I was very happy with the length of the game, 3 hours 20 minutes felt like a really good amount of time to play a game of this size to me. This has shown me that short RPG projects of under 4 hours can actually work quite well.
Conclusion:
I actually really liked it. It made me smile to see Goddess Vyena mentioned in the game, nice BlueSkies reference (at least, I think it is from BlueSkies 2?).
This is the first of your MV games that I actually completed, it definitely feels like an accumulation of everything you've done with MV in the past. Bizarre Monkey is the other person I feel has a good rate of MV game output, feels like you're up there with him except you've retained the "RPG" of "RPG Maker".
For your next game I'd like to see a new approach to handling dialogue.

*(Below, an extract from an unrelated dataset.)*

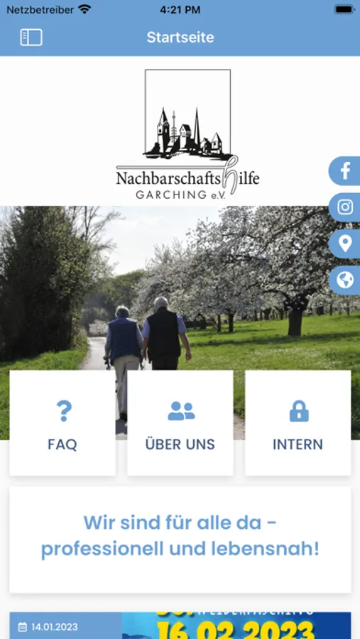 Aktuelle News und Termine rund um die Nachbarschaftshilfe Garching, unsere Angebote, Projekte, Veranstaltungen und natürlich unser buntes Vereinsleben - einfach direkt auf Dein Handy.
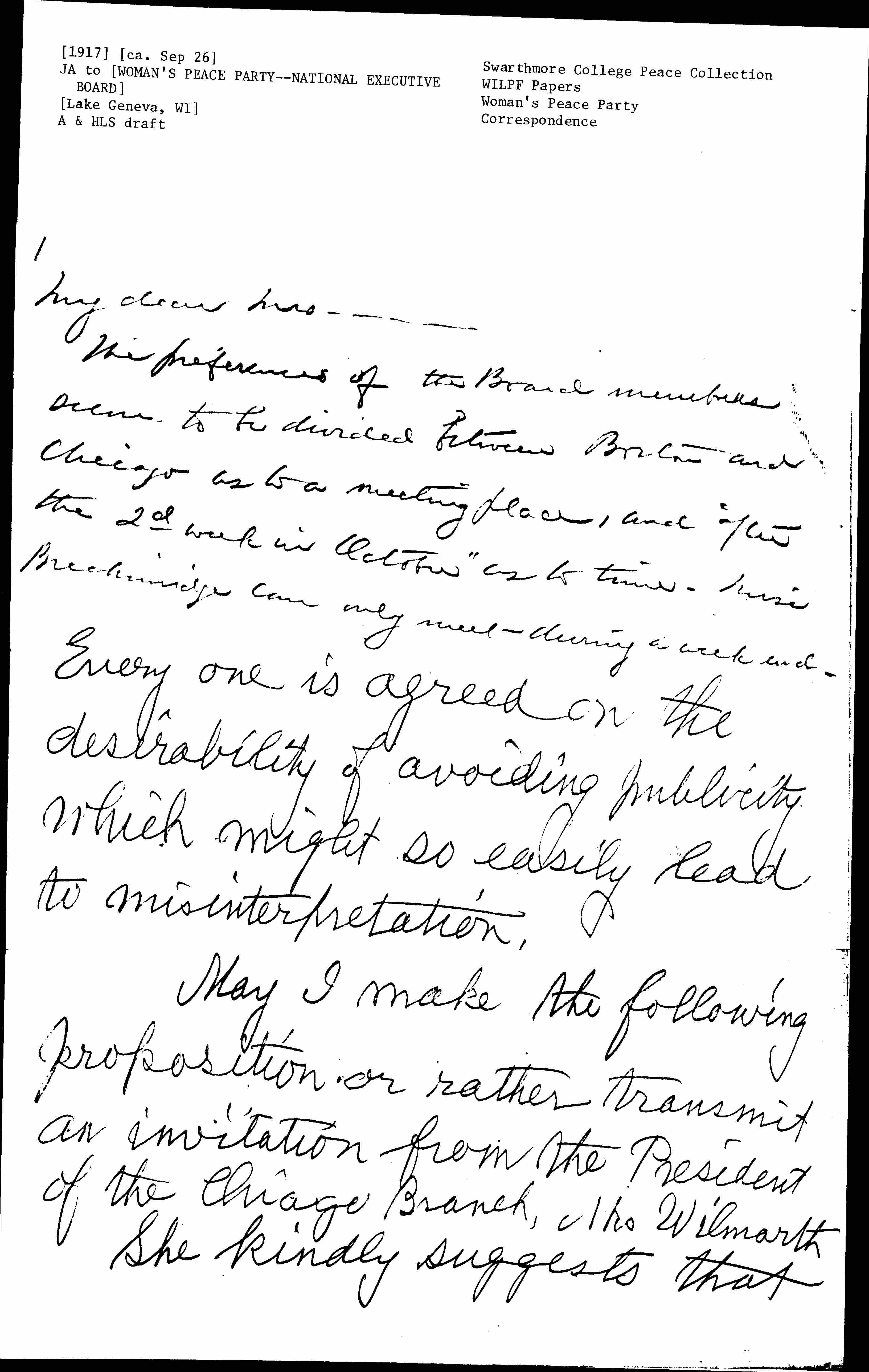 The preferences of the Board members seem to be divided between Boston and Chicago as to a meeting place, and "after the 2d week in October" as to time. Miss Breckinridge can only meet during a week end. Every one is agreed on the desirability of avoiding publicity which might so easily lead to misinterpretation.

I think you can do with reducing the length of conversations and then adding spots of short, quick dialogue into other areas. The ending in particular had moments where Cinderella would pretty much repeat the same thing she said 5 dialogue boxes ago and I think there was a dialogue box that was just an ellipsis or some kind of emotive expression.
That random fire in the snow area that I had to extinguish felt like it was screaming out for some dialogue between the characters about why the fire was there, but I was upset when it was pretty much looked past and never considered.